Organ-to-Cell Multiscale Modeling of Concussion

This work will generate new scientific knowledge about how concussion occurs in the brain. Concussion is caused by impact to the head that deforms the brain. Computational models of head injury are used to study how and where the brain deforms, and how the deformation leads to concussion.

Many injury models exist to study deformation of the whole brain, or the deformation of an individual axon (nerve fiber). However, these models have not been unified to study how whole brain deformation translates down to the axonal level. This award supports research to unify brain injury models at the large, medium, and small scales.

The unified models will then be used to study brain deformations at all scales caused by real-world head impact. This process will enable a comprehensive understanding of how a head impact causes injury. In the future, the results of this work may help correlate head impact with concussion symptoms and neuroimaging findings.

The comprehensive understanding of how concussion occurs within the brain can be used to design better head protective gear, improve diagnosis of concussion, and support more precise treatment plans. Therefore, results from this award will benefit the U.S. society and eventually improve human health. Finally, this research will help broaden participation of underrepresented groups in research and positively impact engineering education.

Concussion occurs across the length scales of the brain. Current brain injury models focus on either the whole brain or an individual axon. However, little is known about how impact-induced brain deformation is transmitted through the length scales in specific regions of the brain.

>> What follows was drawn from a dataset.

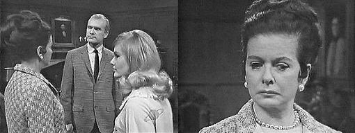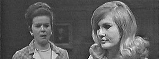 Collinwood - The clock strikes one AM. Carolyn comes downstairs in her robe and touches Vicki's suitcase, still lying on the foyer table. She enters the drawing room, calling for her mother, but Liz, still dressed, is outside, looking around, a coat thrown over her shoulders. She comes in and Carolyn runs to her, asking if they've found Vicki yet. No, says Liz, warming herself against the cold, Joe came back for a minute, then went out again--it's been a few hours--I've made them some coffee---it's cold and damp out there. What do you think happened to her? asks Carolyn. I've thought too much about that already, says Liz, going into the drawing room. Carolyn follows. You make it sound so awful, she says--Vicki will turn up, she can take care of herself. Under normal circumstances, yes, says Liz, but if you'd seen Matthew at her throat as I did, you might not feel so confident--Vicki's a very vulnerable girl and Matthew's a very desperate man. Matthew's miles away from here, says Carolyn. I wish I could be sure of that, says Liz. He couldn't be around here, it would be too dangerous for him, says Carolyn. The sheriff said all our roads are blocked, Liz tells her, but they haven't seen him yet--he could be anywhere. But NOT here, insists Carolyn. I don't know, says Liz, he's lived in this area so long, he knows more hiding places than David! Burke will find her, says Carolyn gently. I hope so, says Liz, then looks at her daughter's moonstruck face and says, "You have a lot of faith in him, haven't you?" Shouldn't I have? asks Carolyn. You know my answer to that, says Liz. I knew this was coming! laments Carolyn. Yes, that's one redeeming feature about the obvious, says Liz--you can always depend on it--Burke is an obvious person--he's an enemy of this family and therefore an enemy of yours, too. You will never sell me that, says Carolyn. I won't have to! cries Liz--he'll do it himself--he'll hurt you badly, and it's just a question of time. I wouldn't be too sure of that, says Carolyn. It's inevitable! says Liz--Burke is dedicated to revenge--you'll find you're only his instrument! That's because you only see what's on the surface, insists Carolyn, you refuse to go beneath and find the man he really is. No, darling, that's your mistake, says Liz, and a very serious one--Burke only permits you to se the man he wants you to see--he's calculated and well-planned, and you'll find you have an important role on his plans. You've lived in this house too long, says Carolyn, everything's sinister to you. If you could just look at him objectively, says Liz, you'll see he's too old for you, you're still a young girl! That's the way you see me, of course, says Carolyn, wiping away a tear--tell me, Mother,, when will you bestow the title of woman on me? When it's a fact, says Liz. Well, it won't be a woman who bestows that title on me, it'll be a man--Burke Devlin, says Carolyn defiantly. Carolyn! says Liz. I'm sorry to be this way, but it doesn't matter if you rant and rave, lock me in my room, disinherit me--I'm going to spend my time with him--and maybe even my life.
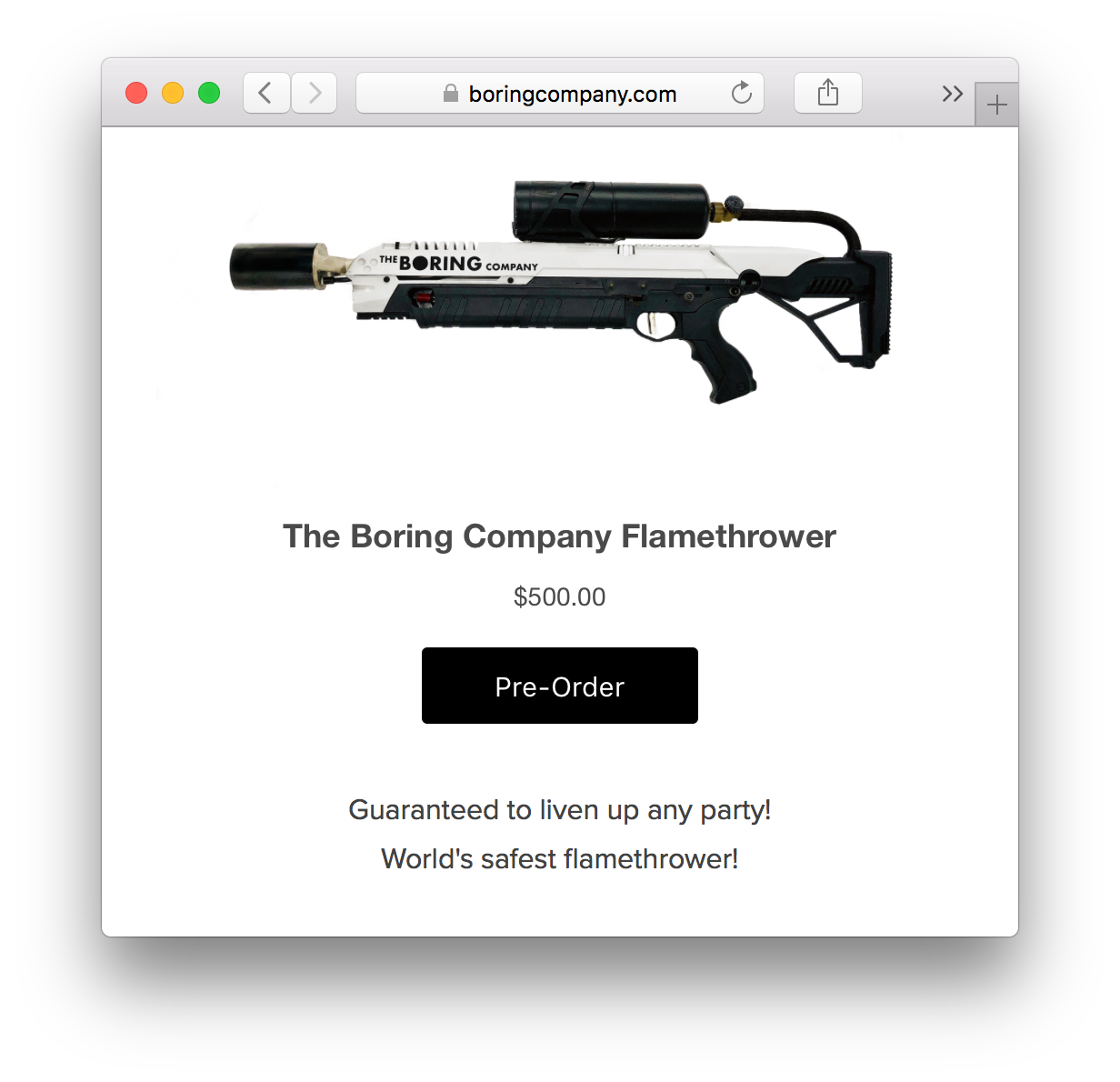 К огнемету The Boring Company предлагает также купить огнетушитель за 30 долларов. «Конечно, можно купить его и дешевле где-то еще, но у этого крутой стикер, а кнопка для удобства прямо сверху», — сказано на сайте компании.

This research will fill the knowledge gap on the energy transmission process of external head impact at the macro, meso, and microscales. It will develop detailed injury models in key vulnerable brain regions. A microscale injury model will also be developed capable of adapting to local geometry.

These organ-to-cell models will then be unified through a multiscale modeling framework to provide a comprehensive understanding of the biomechanical mechanism of concussion across the length scales.

This award reflects NSF's statutory mission and has been deemed worthy of support through evaluation using the Foundation's intellectual merit and broader impacts review criteria.